-- Problem requirements --
Return, word for word, the line that contains "As shown in Figure 17a" and every line after it through the end of the records.

-- Extracted data --
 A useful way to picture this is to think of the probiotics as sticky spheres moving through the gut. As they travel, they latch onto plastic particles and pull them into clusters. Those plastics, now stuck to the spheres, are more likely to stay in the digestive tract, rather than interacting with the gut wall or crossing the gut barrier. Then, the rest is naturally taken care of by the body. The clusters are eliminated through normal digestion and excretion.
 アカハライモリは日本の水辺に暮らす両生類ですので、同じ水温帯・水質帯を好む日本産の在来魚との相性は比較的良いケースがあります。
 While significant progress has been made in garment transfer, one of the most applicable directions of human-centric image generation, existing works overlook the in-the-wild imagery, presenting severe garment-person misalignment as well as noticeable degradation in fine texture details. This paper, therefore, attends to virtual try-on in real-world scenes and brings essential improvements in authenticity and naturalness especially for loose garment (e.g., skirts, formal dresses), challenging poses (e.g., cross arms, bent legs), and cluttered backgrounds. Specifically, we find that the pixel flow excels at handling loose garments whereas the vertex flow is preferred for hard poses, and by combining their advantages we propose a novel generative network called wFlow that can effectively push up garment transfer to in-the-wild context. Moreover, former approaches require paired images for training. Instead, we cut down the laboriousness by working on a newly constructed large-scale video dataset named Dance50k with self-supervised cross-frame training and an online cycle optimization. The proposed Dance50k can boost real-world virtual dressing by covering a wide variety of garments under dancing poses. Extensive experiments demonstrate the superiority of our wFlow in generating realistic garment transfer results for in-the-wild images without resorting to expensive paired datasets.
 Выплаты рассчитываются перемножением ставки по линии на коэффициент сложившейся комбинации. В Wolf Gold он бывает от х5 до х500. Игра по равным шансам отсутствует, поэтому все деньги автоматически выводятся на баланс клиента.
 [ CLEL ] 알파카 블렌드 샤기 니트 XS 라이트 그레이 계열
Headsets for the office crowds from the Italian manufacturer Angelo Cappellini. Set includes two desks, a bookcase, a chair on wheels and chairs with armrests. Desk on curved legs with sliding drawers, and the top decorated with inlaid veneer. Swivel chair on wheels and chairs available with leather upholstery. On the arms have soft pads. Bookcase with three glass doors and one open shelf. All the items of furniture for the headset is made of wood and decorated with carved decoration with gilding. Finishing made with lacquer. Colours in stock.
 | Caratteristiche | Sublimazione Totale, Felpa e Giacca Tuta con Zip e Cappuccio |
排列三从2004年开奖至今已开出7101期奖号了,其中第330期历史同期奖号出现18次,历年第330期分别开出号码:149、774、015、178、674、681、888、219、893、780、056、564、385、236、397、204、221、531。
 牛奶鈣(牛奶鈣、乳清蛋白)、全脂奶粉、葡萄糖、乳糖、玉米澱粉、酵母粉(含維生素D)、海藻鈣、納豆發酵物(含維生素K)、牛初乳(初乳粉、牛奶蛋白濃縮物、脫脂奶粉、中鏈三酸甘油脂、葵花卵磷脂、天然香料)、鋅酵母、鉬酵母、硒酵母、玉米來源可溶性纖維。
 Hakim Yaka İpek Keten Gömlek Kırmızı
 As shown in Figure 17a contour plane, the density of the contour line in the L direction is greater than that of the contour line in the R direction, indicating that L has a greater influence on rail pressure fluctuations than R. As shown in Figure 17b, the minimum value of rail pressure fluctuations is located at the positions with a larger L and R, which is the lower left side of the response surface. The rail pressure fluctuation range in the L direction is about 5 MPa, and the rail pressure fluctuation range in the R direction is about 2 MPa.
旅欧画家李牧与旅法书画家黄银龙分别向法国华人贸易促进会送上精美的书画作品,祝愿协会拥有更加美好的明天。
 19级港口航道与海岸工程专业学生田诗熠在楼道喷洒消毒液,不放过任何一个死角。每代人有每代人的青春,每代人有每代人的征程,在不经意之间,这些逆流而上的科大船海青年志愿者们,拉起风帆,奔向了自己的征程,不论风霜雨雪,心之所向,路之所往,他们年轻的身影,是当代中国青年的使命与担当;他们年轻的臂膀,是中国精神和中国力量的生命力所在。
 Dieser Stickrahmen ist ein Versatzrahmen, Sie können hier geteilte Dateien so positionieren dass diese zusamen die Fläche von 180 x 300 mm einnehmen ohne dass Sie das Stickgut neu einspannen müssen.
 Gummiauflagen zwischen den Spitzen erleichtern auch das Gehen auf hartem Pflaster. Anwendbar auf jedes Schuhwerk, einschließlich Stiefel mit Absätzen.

-- Response below --
 As shown in Figure 17a contour plane, the density of the contour line in the L direction is greater than that of the contour line in the R direction, indicating that L has a greater influence on rail pressure fluctuations than R. As shown in Figure 17b, the minimum value of rail pressure fluctuations is located at the positions with a larger L and R, which is the lower left side of the response surface. The rail pressure fluctuation range in the L direction is about 5 MPa, and the rail pressure fluctuation range in the R direction is about 2 MPa.
旅欧画家李牧与旅法书画家黄银龙分别向法国华人贸易促进会送上精美的书画作品,祝愿协会拥有更加美好的明天。
 19级港口航道与海岸工程专业学生田诗熠在楼道喷洒消毒液,不放过任何一个死角。每代人有每代人的青春,每代人有每代人的征程,在不经意之间,这些逆流而上的科大船海青年志愿者们,拉起风帆,奔向了自己的征程,不论风霜雨雪,心之所向,路之所往,他们年轻的身影,是当代中国青年的使命与担当;他们年轻的臂膀,是中国精神和中国力量的生命力所在。
 Dieser Stickrahmen ist ein Versatzrahmen, Sie können hier geteilte Dateien so positionieren dass diese zusamen die Fläche von 180 x 300 mm einnehmen ohne dass Sie das Stickgut neu einspannen müssen.
 Gummiauflagen zwischen den Spitzen erleichtern auch das Gehen auf hartem Pflaster. Anwendbar auf jedes Schuhwerk, einschließlich Stiefel mit Absätzen.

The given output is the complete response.